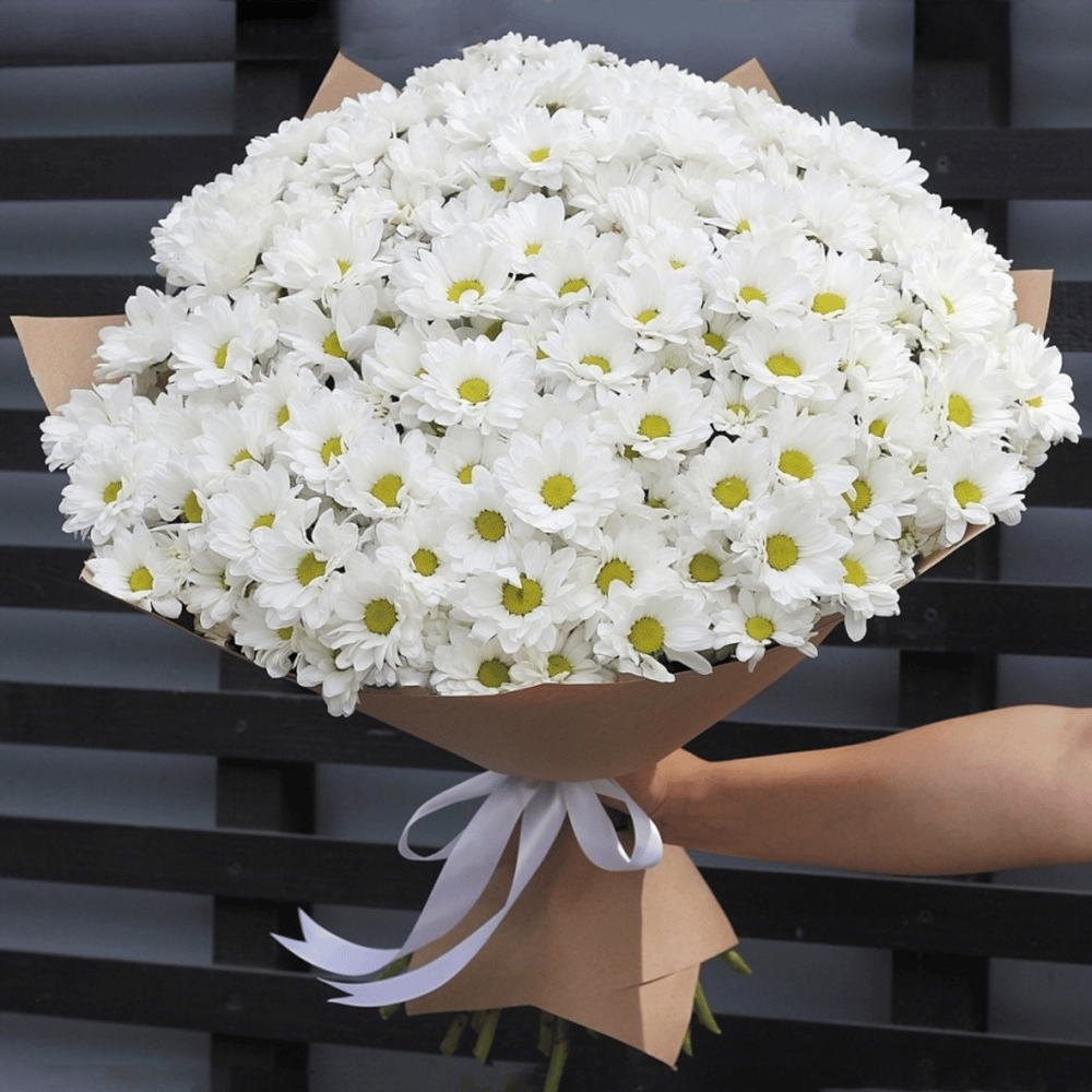 букет из 19 кустовых хризантем в стильном крафтовом оформлении.
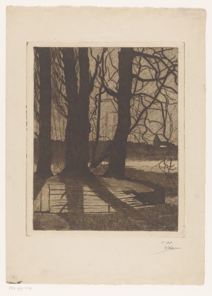 Frans Smissaert created this artwork called 'Crucifix naast boom' using etching. The composition is dominated by a stark contrast between the man-made crucifix and the organic form of the tree, set within a broader landscape. The lines are finely etched, creating a rich, textured surface that invites close inspection. The crucifix, a symbol of sacrifice and redemption, stands juxtaposed against the tree, a symbol of life and nature. This contrast destabilizes any singular interpretation, prompting a deeper consideration of faith and existence. The barren trees in the background, rendered with delicate lines, evoke a sense of desolation. Semiotically, the image is rich with cultural codes. The barrenness of the trees and the somber tone invite reflection on mortality, faith, and the human condition. The artwork functions as a discourse on how we perceive and interpret our place in the world, both aesthetically and philosophically.
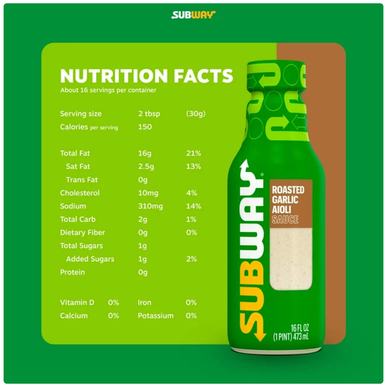 - REFRESH YOUR CONDIMENT COLLECTION: Subway Roasted Garlic Aioli Sauce offers classic garlic seasoning and versatile use. Enjoy our rich, savory sauce as a dip, marinade, dressing and more.
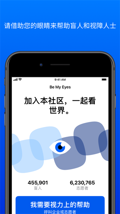 Be My Eyes苹果手机版是一款志愿者软件,也是一款视障用户寻求帮助的软件,在使用的时候只需要注册一下就可以,作为志愿者仅有帮助的机会,并且这机会是随机分配的,会有视障用户需求帮助的时候,帮助的通话视频就会打到我们手机上,我们可以选择帮助或者是拒绝,拒绝之后就会分享给其他的志愿者进行援助,在我们力所能及的时候进行帮助。
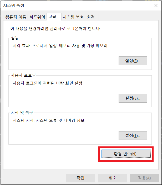 고급 시스템 설정을 누르면 다음과 같은 시스템 속성이 나온다. 환경 변수를 클릭한다.
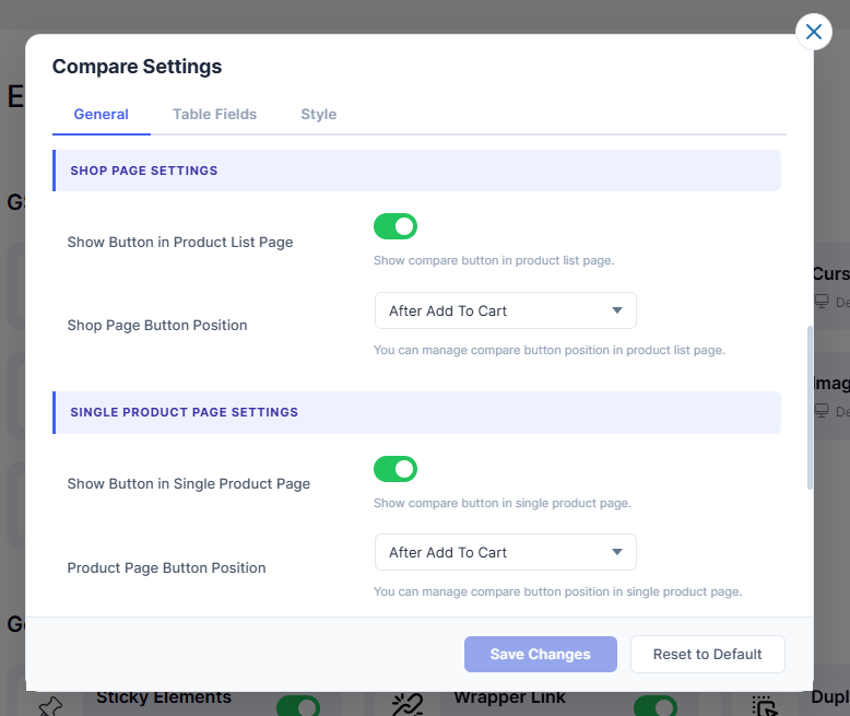 - 2.2 – Shop Page Button PositionSet where the Compare button appears on product list page.
═══
- **PROBLEM DETAILS**: Every line of the listing above is to be repeated exactly, with its pictures left out.

- **ANSWER SECTION**:
 букет из 19 кустовых хризантем в стильном крафтовом оформлении.
 Frans Smissaert created this artwork called 'Crucifix naast boom' using etching. The composition is dominated by a stark contrast between the man-made crucifix and the organic form of the tree, set within a broader landscape. The lines are finely etched, creating a rich, textured surface that invites close inspection. The crucifix, a symbol of sacrifice and redemption, stands juxtaposed against the tree, a symbol of life and nature. This contrast destabilizes any singular interpretation, prompting a deeper consideration of faith and existence. The barren trees in the background, rendered with delicate lines, evoke a sense of desolation. Semiotically, the image is rich with cultural codes. The barrenness of the trees and the somber tone invite reflection on mortality, faith, and the human condition. The artwork functions as a discourse on how we perceive and interpret our place in the world, both aesthetically and philosophically.
 - REFRESH YOUR CONDIMENT COLLECTION: Subway Roasted Garlic Aioli Sauce offers classic garlic seasoning and versatile use. Enjoy our rich, savory sauce as a dip, marinade, dressing and more.
 Be My Eyes苹果手机版是一款志愿者软件,也是一款视障用户寻求帮助的软件,在使用的时候只需要注册一下就可以,作为志愿者仅有帮助的机会,并且这机会是随机分配的,会有视障用户需求帮助的时候,帮助的通话视频就会打到我们手机上,我们可以选择帮助或者是拒绝,拒绝之后就会分享给其他的志愿者进行援助,在我们力所能及的时候进行帮助。
 고급 시스템 설정을 누르면 다음과 같은 시스템 속성이 나온다. 환경 변수를 클릭한다.
 - 2.2 – Shop Page Button PositionSet where the Compare button appears on product list page.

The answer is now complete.